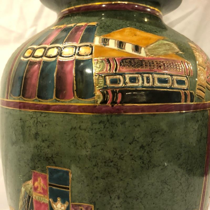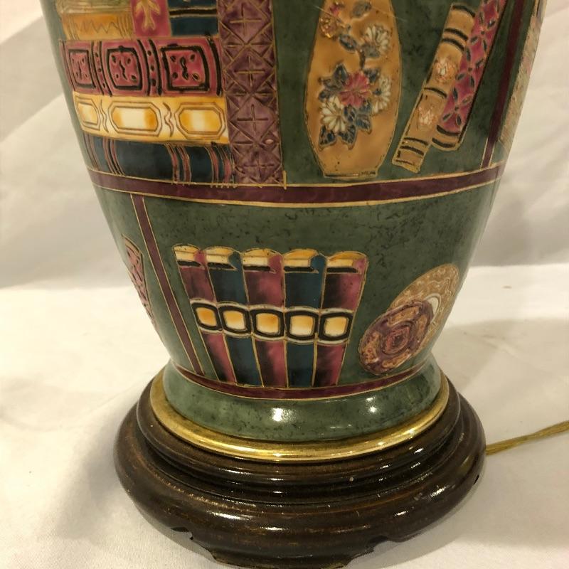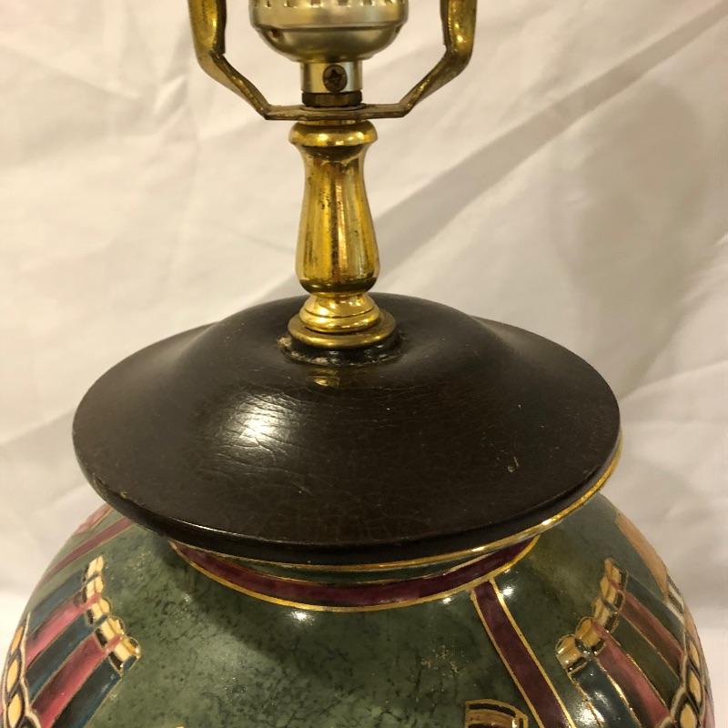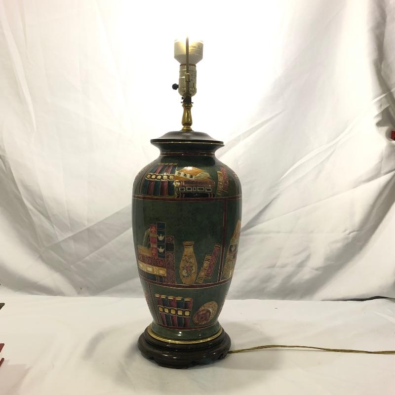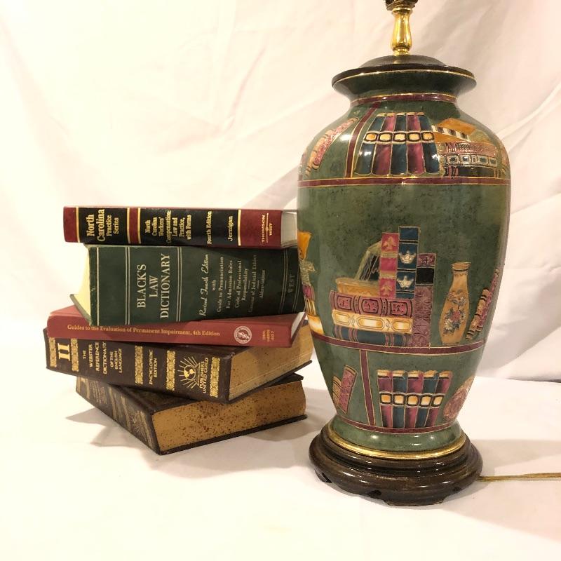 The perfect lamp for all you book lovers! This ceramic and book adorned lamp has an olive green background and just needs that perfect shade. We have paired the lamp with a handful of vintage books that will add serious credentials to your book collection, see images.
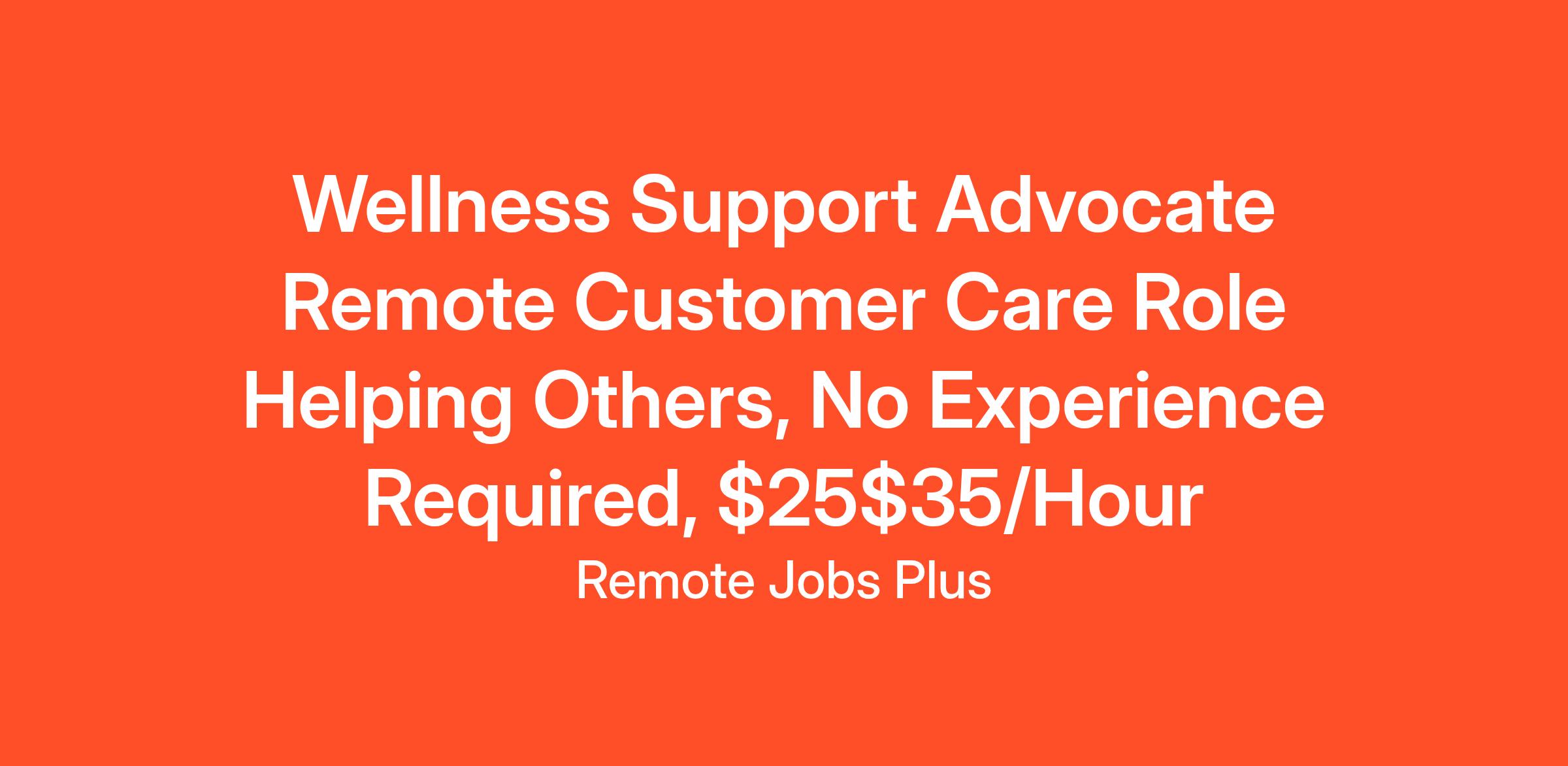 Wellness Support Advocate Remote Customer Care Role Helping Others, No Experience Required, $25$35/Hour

+++++

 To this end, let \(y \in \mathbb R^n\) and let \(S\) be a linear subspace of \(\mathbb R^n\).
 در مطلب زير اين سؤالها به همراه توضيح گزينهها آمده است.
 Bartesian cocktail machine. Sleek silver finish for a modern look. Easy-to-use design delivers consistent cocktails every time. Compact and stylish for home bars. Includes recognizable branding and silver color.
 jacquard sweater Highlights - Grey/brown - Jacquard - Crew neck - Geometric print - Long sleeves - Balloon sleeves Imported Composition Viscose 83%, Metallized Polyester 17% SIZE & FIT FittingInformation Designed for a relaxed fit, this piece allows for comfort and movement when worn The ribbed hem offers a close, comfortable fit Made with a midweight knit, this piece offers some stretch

+++++

### Your task
Please copy the lines in the records above between the one holding "در مطلب زير" and the one holding "jacquard sweater Highlights", inclusive, exactly and with no other line.

### Your solution
 در مطلب زير اين سؤالها به همراه توضيح گزينهها آمده است.
 Bartesian cocktail machine. Sleek silver finish for a modern look. Easy-to-use design delivers consistent cocktails every time. Compact and stylish for home bars. Includes recognizable branding and silver color.
 jacquard sweater Highlights - Grey/brown - Jacquard - Crew neck - Geometric print - Long sleeves - Balloon sleeves Imported Composition Viscose 83%, Metallized Polyester 17% SIZE & FIT FittingInformation Designed for a relaxed fit, this piece allows for comfort and movement when worn The ribbed hem offers a close, comfortable fit Made with a midweight knit, this piece offers some stretch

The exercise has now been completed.